Assistant Examiner: Burns; Todd J.
Attorney, Agent or Firm: Cushman, Darby & Cushman
Claims
That which is claimed is:
1. A process for the continuous digestion of cellulosic fiber
material using a closed impregnation system having a concurrent
flow zone followed by a countercurrent flow zone, and a digester
system, comprising the steps of impregnating the fiber material
with liquid in the closed impregnation system, withdrawing a
predetermined amount of liquid from the impregnation system at a
point located between the concurrent flow zone and the
countercurrent flow zone, and supplying to the concurrent flow zone
black liquid, and to the countercurrent flow zone white liquor and
a predetermined amount of black liquor;
wherein the liquids withdrawn from the impregnation system and the
digester system are transferred to at least two serially connected
flash cyclones for heat recovery, the black liquor supplied to the
countercurrent flow zone of the impregnation system comprising
substantially the effluent from the first one of the flash cyclones
which receives liquid withdrawn from the digester between a
digester concurrent flow zone and a digester countercurrent flow
zone, and the black liquor supplied to the concurrent flow zone of
the impregnation system consisting of the effluent from a
subsequent flash cyclone which receives liquid withdrawn from the
digester via said first flash cyclone and liquid withdrawn from the
impregnation system.
2. A process as recited in claim 1 wherein the black liquor
supplied to the countercurrent flow zone of the impregnation system
also comprises liquid withdrawn from the digester which has not
passed the first flash cyclone.
3. A process as received in claim 1 comprising the further step of
supplying white liquor to the concurrent flow zone.

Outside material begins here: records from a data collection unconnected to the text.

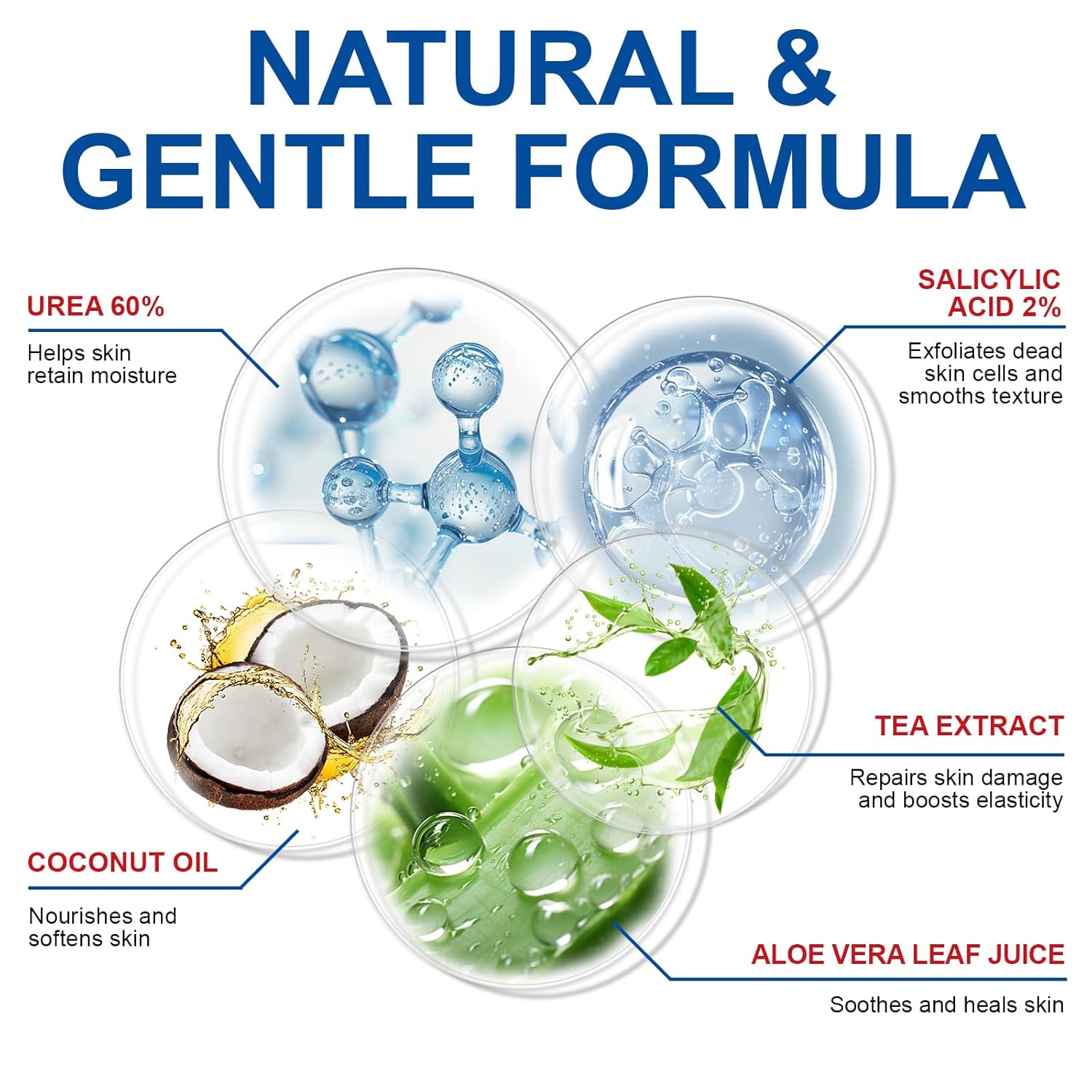- Moisturizing Foot Cream: The urea cream balm contains 60% urea and 2% salicylic acid, which are excellent ingredients for nourishing and moisturizing, soften and repairing the dry and cracked feet and hands
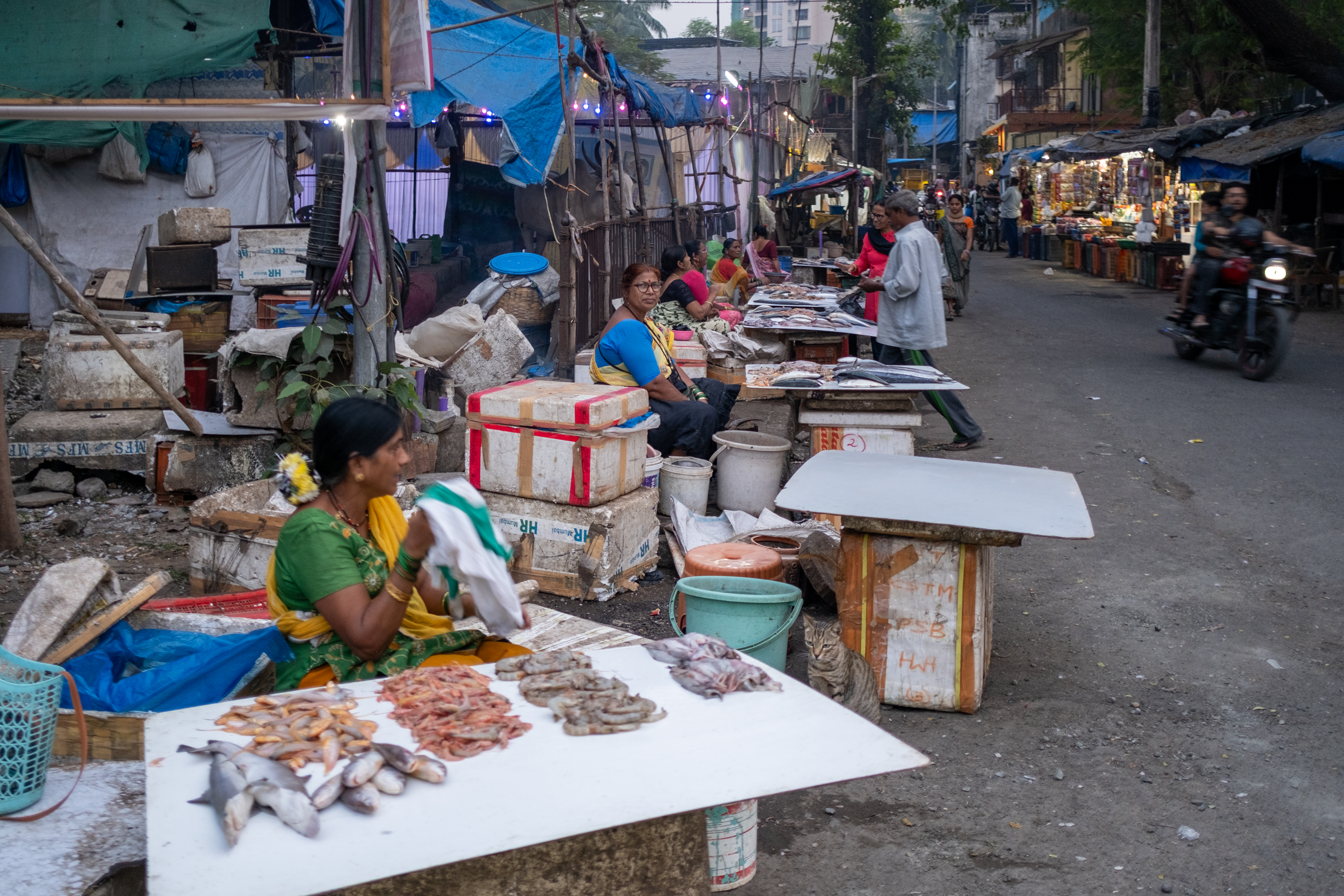 Historically, Koli women used to sell fish caught from nearby water bodies like the Mithi River. Today, most of these water bodies are either heavily polluted or have been developed over, making the fishing business unsustainable. The majority of fish sold in local markets now comes from wholesale markets in South Mumbai.
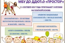 Дом детского и юношеского туризма и экскурсий «Простор» Ново-Савиновского р-на г. Казани приглашает детей от 5 лет в объединения на платной основе: «Ключ к знаниям» - программа предшкольной подготовки в которую входят: подготовка к чтению и письму, «математические ступеньки», «сохрани свое здоровье сам», аппликация, окружающий мир, музыка, английский язык, ИЗО; «Веселый фитнес» - игровые мероприятия под музыку, развитие всех групп мышц, исправление осанки, профилактика плоскостопии и др; «Разноцветная палитра» - освоение детьми первоначальных навыков работы в различных техниках изобразительного и декоративно-прикладного искусства; «Развитие танцевальных способностей» - комплексный курс, направленный на формирование музыкально-танцевальных, ритмических представлений; «Каратэ Кёкусинкай» - развитие внимания, понятийного аппарата, волевого контроля. Ждем всех желающих по адресу: г. Казань, ул. Адоратского, д. 5а. Наш телефон 556-08-56 25.08.2017
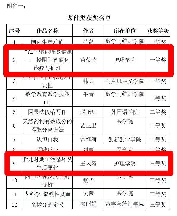 据悉,近期公布了今年会官网第九届教育教学信息化大赛评选结果,今年会教师苗莹莹的作品《“AI”赋能呼吸健康——慢阻肺智能化诊疗与护理》,获得课件类一等奖、王凤霞的作品《胎儿时期血液循环及生后变化》,获得课件类三等奖;张祎的作品《气道异物清除术——海姆立克手法》,获得微课类一等奖、王钰帆的作品《“手”护小儿健康——积滞的小儿推拿》,获得微课类三等奖;另今年会组织得当,指导有方,获得优秀组织奖。
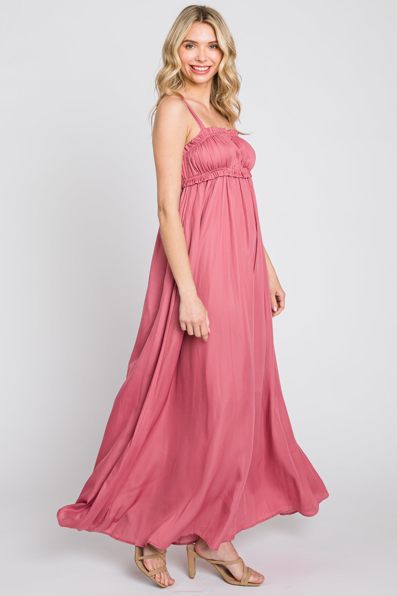 A solid hue maxi dress with a shirred bust and side pockets. Straps are adjustable with the button accents inside the back.

4. A process as recited in claim 3 wherein the impregnation system
includes an impregnation vessel and black liquor and white liquor
are added to the fiber material in the concurrent flow zone in an
amount such that the quantity of free liquor in the concurrent flow
zone of the impregnation vessel is above 0.5 m.sup.3 /ton dry fiber
material.
Description
FIELD AND BACKGROUND OF THE INVENTION
The present invention relates to a process for the continuous
digestion of cellulosic fiber material.
Through U.S. Pat. No. 3,802,956 it is known that wood can be
impregnated with white liquor in countercurrent flow and that black
liquor can be added to the wood material at the inlet to the
impregnation vessel. The object of this procedure is primarily to
increase the concentration of active chemicals in the digesting
liquor by withdrawing a certain amount of impregnation liquid in
which the content of active chemicals has been substantially
consumed. The liquid to wood ratio in the digester is thereby
lowered, thus giving a high concentration of active chemicals which
results in rapid digestion. The smaller amount of liquid in the
digester in comparison with conventional methods also results in
less steam consumption, particularly high-pressure steam. However,
it has been found that a low liquid to wood ratio may entail
problems in controlling the cooking process, as well as
difficulties with the movement of the chip column due to
differences in relative speed between chips and free liquid. The
relatively high concentration of chemicals in alkaline digestion
processes also causes attack on the carbohydrates in the raw wood,
resulting in lowered pulp viscosity and pulp strength.
SUMMARY OF THE INVENTION
The object of the present invention is to provide an improved
process for the continuous digestion of cellulosic fiber material
which eliminates the above-mentioned drawbacks of low liquid to
wood ratio in the digester and relatively high alkali concentration
at the beginning of the digestion.
The invention relates to a process for the continuous digestion of
cellulosic fiber material comprising the steps of impregnating the
fiber material with liquid in a closed system comprising a
concurrent flow zone and a countercurrent flow zone, withdrawing a
predetermined amount of liquid from said impregnation system at a
point located between the concurrent flow zone and the
countercurrent flow zone, and supplying to the concurrent flow zone
black liquor and possibly white liquor and to the countercurrent
flow zone white liquor and a predetermined amount of black liquor.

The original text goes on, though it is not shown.